Goal of the exercise: When you copy from the entries that follow, take only the lines from the one with "طلایی،سفیدطلایی،مشکی طلایی،طوسی طلایی" down to the one with "5、还有个冰冻球,能把所有泡泡冻住,减缓它们下落的速度,关键时刻能救命。", keeping both ends and dropping every picture.

Data for processing:
────
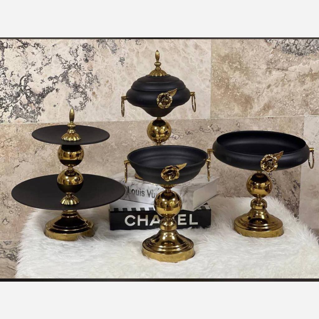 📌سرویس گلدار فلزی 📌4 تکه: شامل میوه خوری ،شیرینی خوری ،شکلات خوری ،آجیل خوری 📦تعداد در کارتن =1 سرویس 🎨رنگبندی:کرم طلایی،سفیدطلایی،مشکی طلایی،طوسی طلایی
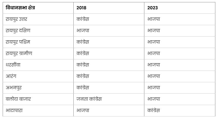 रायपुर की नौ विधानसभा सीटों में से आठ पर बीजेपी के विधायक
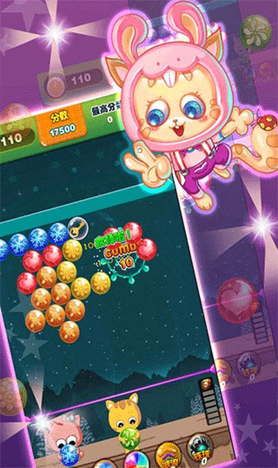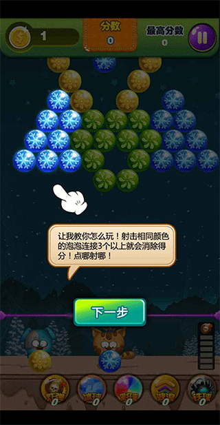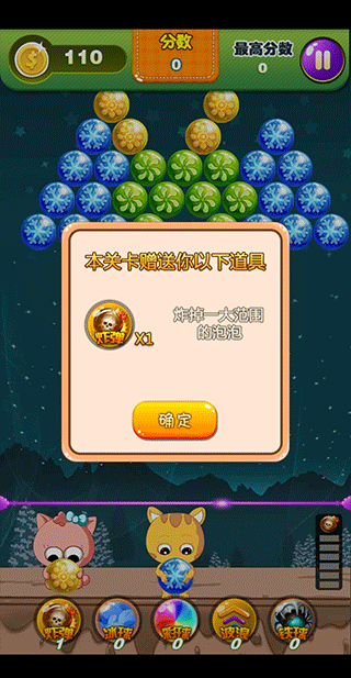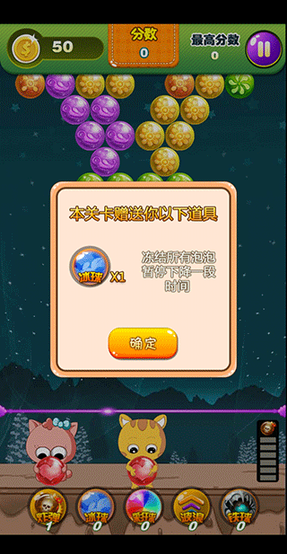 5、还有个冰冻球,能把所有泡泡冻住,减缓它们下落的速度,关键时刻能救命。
────
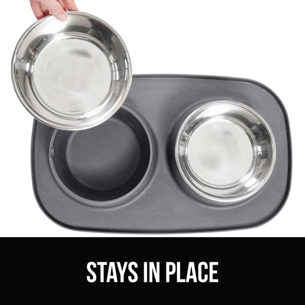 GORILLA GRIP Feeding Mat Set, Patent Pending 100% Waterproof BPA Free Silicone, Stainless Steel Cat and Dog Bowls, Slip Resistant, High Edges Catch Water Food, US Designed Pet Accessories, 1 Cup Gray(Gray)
────
Answer to this problem:
 📌سرویس گلدار فلزی 📌4 تکه: شامل میوه خوری ،شیرینی خوری ،شکلات خوری ،آجیل خوری 📦تعداد در کارتن =1 سرویس 🎨رنگبندی:کرم طلایی،سفیدطلایی،مشکی طلایی،طوسی طلایی
 रायपुर की नौ विधानसभा सीटों में से आठ पर बीजेपी के विधायक
 5、还有个冰冻球,能把所有泡泡冻住,减缓它们下落的速度,关键时刻能救命。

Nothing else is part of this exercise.